-- The problem --
Take the lines below from the one with "Pebble Beach offers" through the one with "Die Zimmer im" and print only them, exactly. Don't print the pictures.

-- Material provided --
□ □ □ □

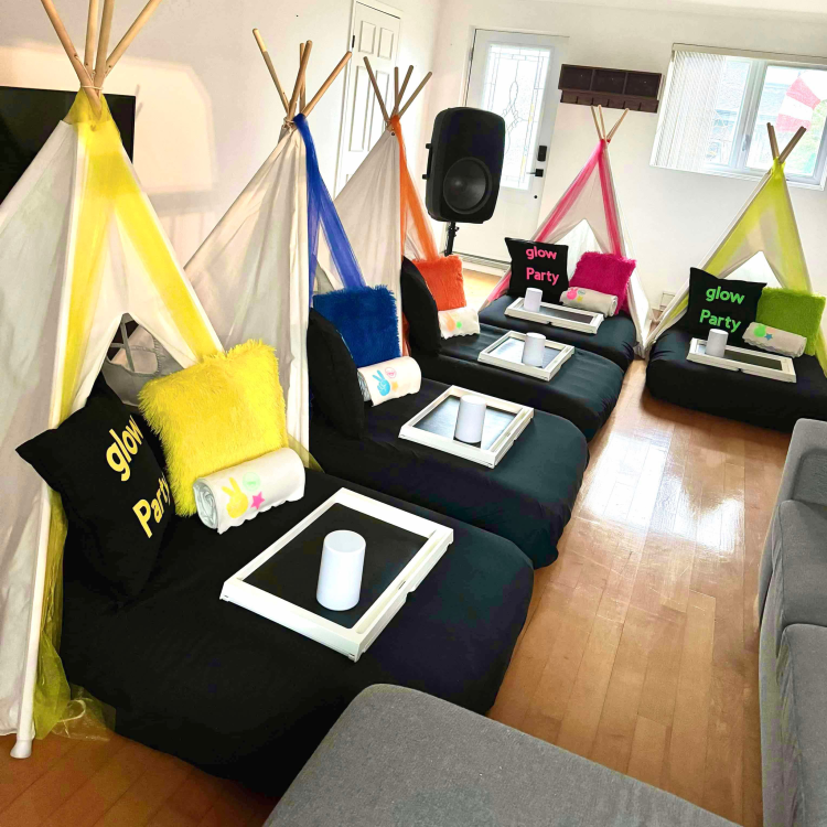 - Nombre de tipis : Louez de 1 à 6 tipis, chacun décoré avec un tulle décoratif et une guirlande lumineuse (lumières UV pour le forfait « glow in the dark ») pour une ambiance chaleureuse.
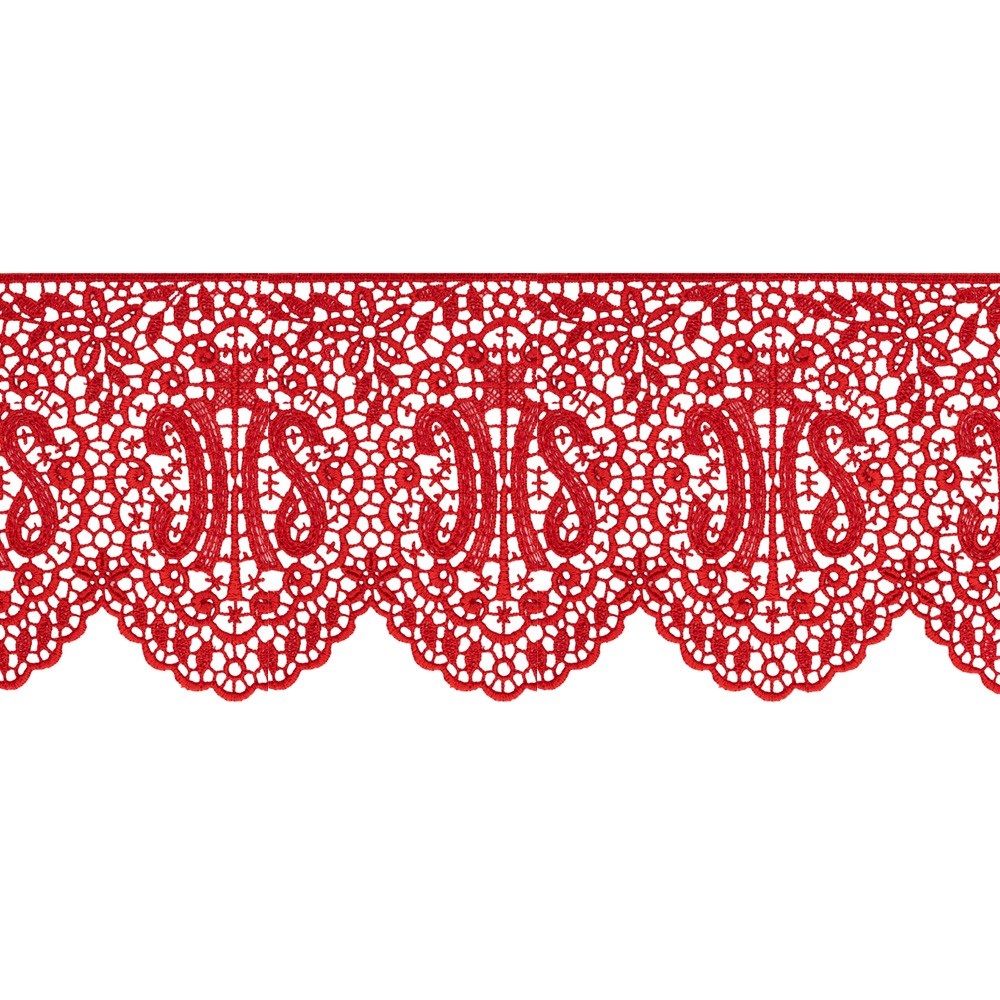 Bordo balza liturgica per tovaglie d'altare con ricamo JHS, in misto viscosa e poliestere.
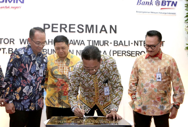 1. SURABAYA (PosSore.com) – Direktur Network & Distribution PT Bank Tabungan Negara (Persero) Tbk. Dasuki Amsir (tengah) menandatangani prasasti terkait relokasi Kantor wilayah III Bank BTN disaksikan jajaran manajemen Kantor Cabang Bank BTN diantaranya Branch Manager Madiun,Indrasakti Agung (kiri), Kepala Divisi Service Quality and Network Division,Nasril (kedua dari kiri) dan Kepala Kanwil III, Frisaba Hengky Yusdianto (kanan) di Surabaya, Jawa Timur, Kamis (7/11/2019). Relokasi Kantor Wilayah III Bank BTN ke tempat yang baru diharapkan dapat memacu kinerja dan layanan perbankan khususnya di Wilayah III Bank BTN yang menaungi outlet di provinsi Bali, Jawa Timur, NTB dan NTT. Relokasi tersebut juga diharapkan dapat mempercepat target perolehan Dana Pihak Ketiga tahun 2019 yang dipatok Rp 22 triliun dan kredit yang disalurkan mencapai Rp 29 triliun. B. Tri Prasetyo
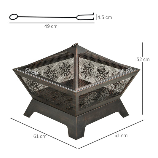 Outsunny Outdoor Fire Pit, Metal Square Firepit Bowl with Spark Screen, Poker for Patio, BBQ, Camping, 61 x 61 x 52cm, Black
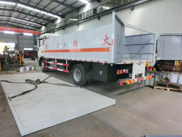 廂體配置:嚴格按照公告尺寸制作。外板采用優質冷軋鋼板帶百葉窗,內飾為導電性能良好的鋁平板有透氣孔,矩形骨架結構內部填充防潮阻燃擠朔板,復合加鉚合工藝。廂體四周鋁合金包邊及包角,車廂底板鋪設防靜電膠皮,廂體前臉鋪設防靜電膠皮。后部設置對開門,可選裝側門位置,廂體內部兩側安裝捆綁貨物的臥環。廂體內部安裝氣體感應器及防盜報警器。車廂一周粘貼橙色放光帶,箱體粘貼 菱形告示牌,安全告示牌(鋁合金材質),危險品牌,箱體安裝示廓燈(前白后紅)。該車適用于運輸危險品,廂體頂部封閉,不可開啟。危險貨物運輸車輛類型為:AT型;用于運輸具有獨立容器(瓶)包裝的毒性氣體:液氯,類項號:6.1;液氨,四氟化硅,類項號:2.3。
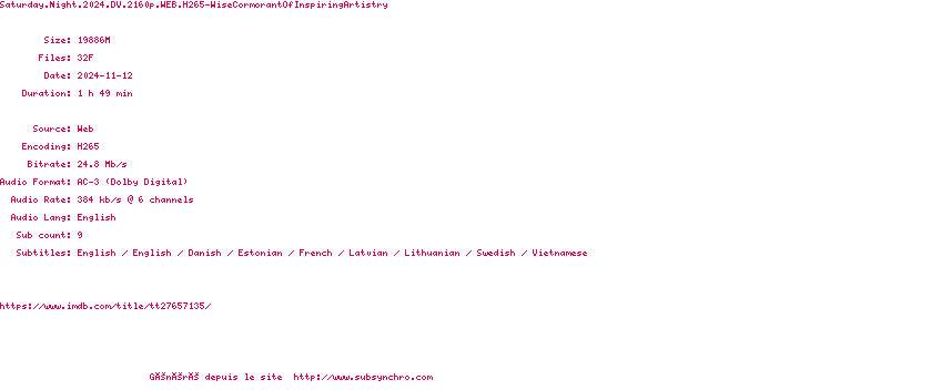 Voir le nfo de la release Saturday.Night.2024.2160p.WEB.H265-WiseCormorantOfInspiringArtistry
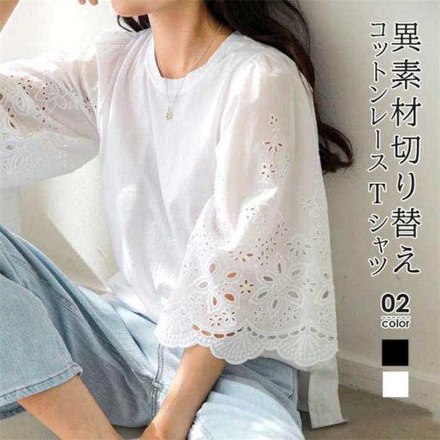 【短納期】シャツ レディース ブラウス 七分袖 ワイドシャツ 夏 トップス 体型カバー Uネック オーバーサイズ 大きいサイズ レース
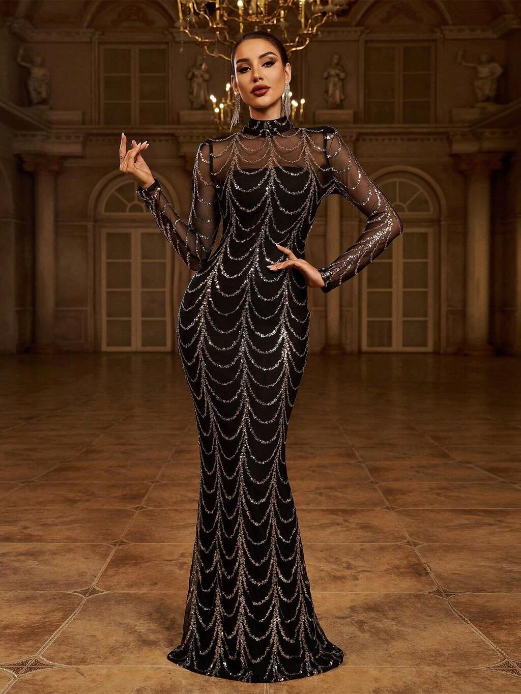 Missord Sheer Mesh Yoke Sequin Prom Dress Black Elegant Long Sleeve Formal Evening Wedding Guest Gown, For Graduation, Dinner Party Dress Spring Vacation
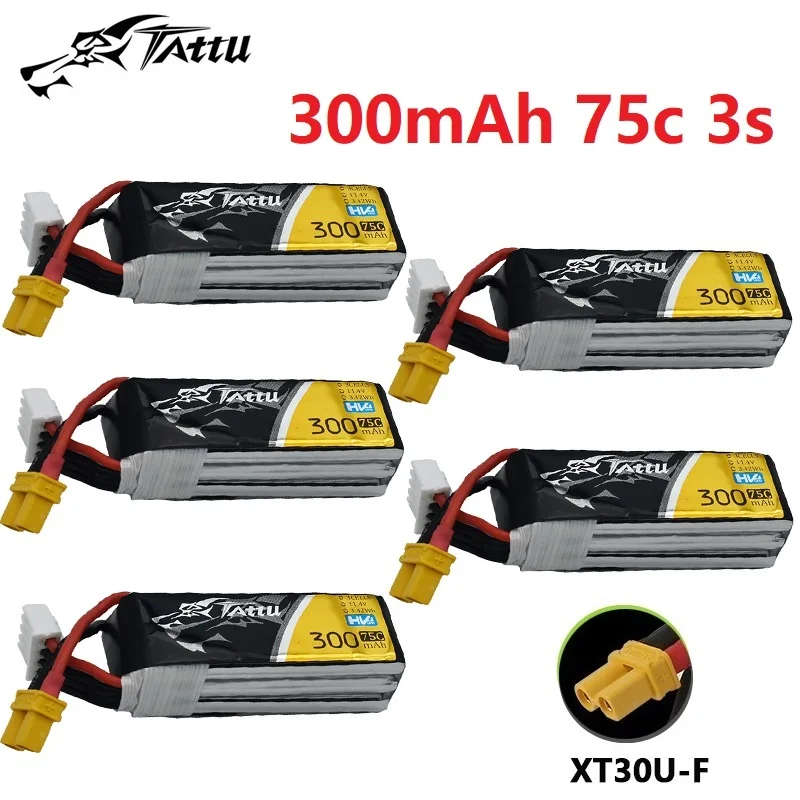 TATTU-batería Lipo con enchufe XT30 para helicóptero, cuadricóptero de carreras, FPV, 300mAh, 3S, 11,4 V, 75C, 11,4 V
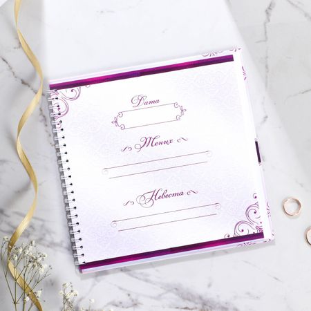 Книга пожеланий на пружине «Пурпурная свадьба». Гостевая книга — прекрасный атрибут свадебного вечера. Записывать пожелания в эту книгу понравится всем гостям. А вам понравится то, что через много много лет вы сможете окунуться еще раз в атмосферу вашего праздника. Идеально для свадьбы в стиле бохо, рустик, минимализм, прованс. Книга сделана из преплетного картона 1,25 мм с глянцевой ламинацией. В книге 40 односторонних листа размером 21х21 см плотностью 80 гр., первый лист для молодоженов с указанием даты торжества и имен, последующие 39 листов для искренних пожеланий счастливой семейной жизни жениху и невесте.
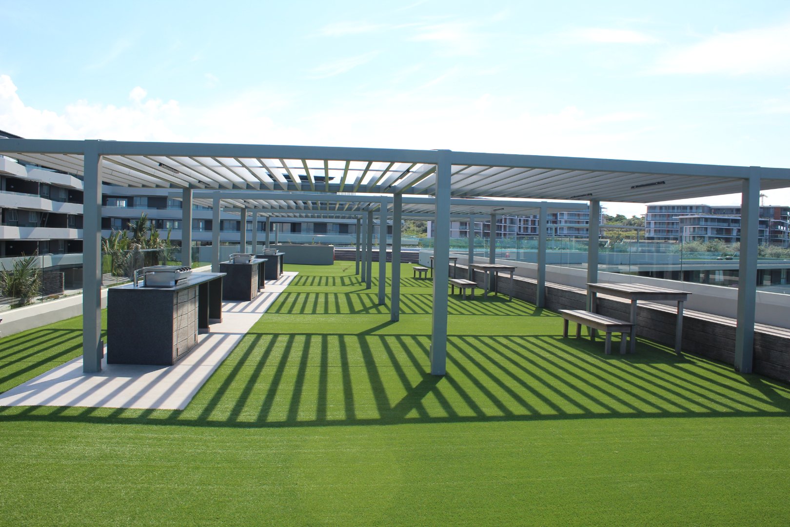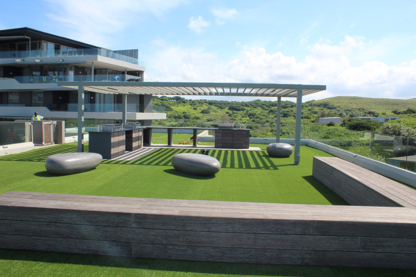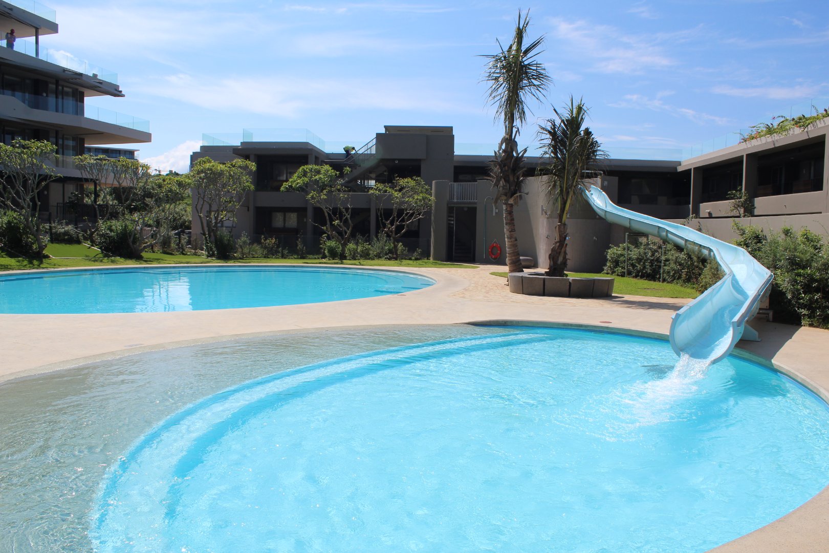 Pebble Beach offers two rooftop swimming pools and gas braai entertainment areas a kiddies pool with slide and jungle gym and a rooftop putting green.
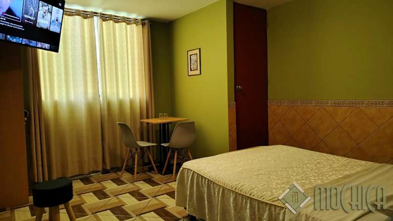 Die Zimmer im Hostal Residencial Mochica bieten einen komfortablen Sitzbereich und ausreichend Stauraum für Ihr Gepäck. Die Unterkunft verfügt auch über einen Kleiderschrank, um Ihre Kleidung ordentlich aufzubewahren. Kostenloses WLAN ist in allen Zimmern verfügbar, so dass Sie mit Ihren Lieben in Kontakt bleiben können.
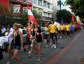 The Marching Parade of the DelegationsIn the evening, in the center of Alanya, the Opening Ceremony was staged in an excellent atmosphere in front of a mixed domestic and international audience, who are spending their vacation in this beautiful summer holiday city. After the welcome speeches of Mr. Kemal Tamer and Mr. Ralethe Malumbete, the Governor of Alanya, Mr. Hulusi DOGAN declared the 5th WUC Beach Volleyball open. For a young TUSF which has been founded in 1996, this WUC will bring again to young student-athletes a great sport atmosphere to enjoy not only the competition but also a terrific hosting of Alanya city, a genuine tourist destination. The Cultural program was chosen carefully involving student dancing groups to show their performance in Latin dance and traditional folklore. The participants really enjoyed this program and some of them even started dancing as well.
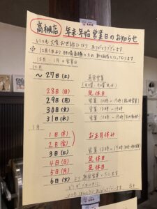 12月27日(土)までは通常営業で定休日はかわらず、28日(日)は定休日でお休み(岡町本店の営業へ行ってきます)、29日(月)が本来ですと定休日でお休みですが、年末ということで臨時で営業します。

□ □ □ □

-- Your response --
 Pebble Beach offers two rooftop swimming pools and gas braai entertainment areas a kiddies pool with slide and jungle gym and a rooftop putting green.
 Die Zimmer im Hostal Residencial Mochica bieten einen komfortablen Sitzbereich und ausreichend Stauraum für Ihr Gepäck. Die Unterkunft verfügt auch über einen Kleiderschrank, um Ihre Kleidung ordentlich aufzubewahren. Kostenloses WLAN ist in allen Zimmern verfügbar, so dass Sie mit Ihren Lieben in Kontakt bleiben können.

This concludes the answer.